@lumincinta 2017-02-07T12:31:25.000000Z 字数 4550 阅读 296

R Package 'smbinning': Optimal Binning for Scoring Modeling

by Herman Jopia

R.Package

R Package 'smbinning': Optimal Binning for Scoring Modeling, by Herman Jopia

What is Binning?

Binning is the term used in scoring modeling for what is also known in Machine Learning as Discretization, the process of transforming a continuous characteristic into a finite number of intervals (the bins), which allows for a better understanding of its distribution and its relationship with a binary variable. The bins generated by the this process will eventually become the attributes of a predictive characteristic, the key component of a Scorecard.

Why Binning?

Though there are some reticence to it [1], the benefits of binning are pretty straight forward:

It allows missing data and other special calculations (e.g. divided by zero) to be included in the model.
It controls or mitigates the impact of outliers over the model.
It solves the issue of having different scales among the characteristics, making the weights of the coefficients in the final model comparable.

Unsupervised Discretization

Unsupervised
Discretization divides a continuous feature into groups (bins) without
taking into account any other information. It is basically a partiton
with two options: equal length intervals and equal frequency intervals.

Equal length intervals

Objective: Understand the distribution of a variable.
Example: The classic histogram, whose bins have equal length that can be calculated using different rules (Sturges, Rice, and others).
Disadvantage: The number of records in a bin may be too small to allow for a valid calculation, as shown in Table 1.

Table 1. Time on Books and Credit Performance. Bin 6 has no bads, producing indeterminate metrics.

Equal frequency intervals

Objective: Analyze the relationship with a binary target variable through metrics like bad rate.
Example: Quartlies or Percentiles.
Disadvantage: The cutpoints selected may not maximize the difference between bins when mapped to a target variable, as shown in Table 2

Table 2. Time on Books and Credit Performance. Different cutpoints may improve the Information Value (0.4969).

Supervised Discretization

Supervised Discretization divides a continuous feature into groups
(bins) mapped to a target variable. The central idea is to find those
cutpoints that maximize the difference between the groups.
In the
past, analysts used to iteratively move from Fine Binning to Coarse
Binning, a very time consuming process of finding manually and visually
the right cutpoints (if ever). Nowadays with algorithms like ChiMerge or
Recursive Partitioning, two out of several techniques available [2],
analysts can quickly find the optimal cutpoints in seconds and evaluate
the relationship with the target variable using metrics such as Weight
of Evidence and Information Value.

An Example With 'smbinning'

Using the 'smbinning' package and its data (chileancredit), whose documentation can be found on its supporting website, the characteristic Time on Books is grouped into bins taking into account the Credit Performance (Good/Bad) to establish the optimal cutpoints to get meaningful and statistically different groups. The R code below, Table 3, and Figure 1 show the result of this application, which clearly surpass the previous methods with the highest Information Value (0.5353).

# Load package and its data 
library(smbinning) 
data(chileancredit) 
# Training and testing samples 
chileancredit.train=subset(chileancredit,FlagSample==1) 
chileancredit.test=subset(chileancredit,FlagSample==0) 
# Run and save results 
result=smbinning(df=chileancredit.train,y="FlagGB",x="TOB",p=0.05) 
result$ivtable
# Relevant plots (2x2 Page) 
par(mfrow=c(2,2)) 
boxplot(chileancredit.train$TOB~chileancredit.train$FlagGB, 
horizontal=T, frame=F, col="lightgray",main="Distribution") 
mtext("Time on Books (Months)",3) 
smbinning.plot(result,option="dist",sub="Time on Books (Months)") 
smbinning.plot(result,option="badrate",sub="Time on Books (Months)") 
smbinning.plot(result,option="WoE",sub="Time on Books (Months)")

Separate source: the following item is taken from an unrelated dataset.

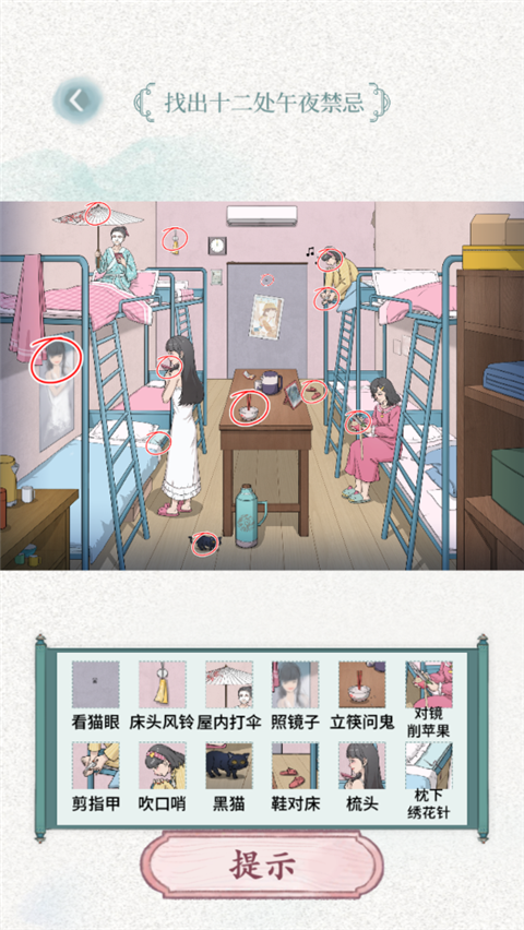 主题测试:聚焦强氛围设定,“午夜禁忌”十二禁忌关卡融合民俗心理与视觉暗示,点击猫眼见人影、拖出黑猫寻破绽,沉浸感拉满。

Table 3. Time on Books cutpoints mapped to Credit Performance.

Figure 1. Plots generated by the package.

In the middle of the "data era", it is critical to speed up the development of scoring models. Binning, and more specifically, automated binning helps to reduce significantly the time consuming process of generating predictive characteristics, reason why companies like SAS and FICO have developed their own proprietary algorithms to implement this functionality on their respective software. For analysts who do not have these specific tools or modules, the R package 'smbinning' offers an statistically robust alternative to run their analysis faster.

For more information about binning, the package's documentation available on CRAN lists some references related to the algorithm behind it and its supporting website some references for scoring modeling development.

References

[1] Dinero, T. (1996) Seven Reasons Why You Should Not Categorize Continuous Data. Journal of health & social policy 8(1) 63-72 (1996).
[2] Garcia, S. et al (2013) A Survey of Discretization Techniques: Taxonomy and Empirical Analysis in Supervised Learning. IEEE Transactions on Knowledge and Data Engineering, Vol. 25, No. 4, April 2013.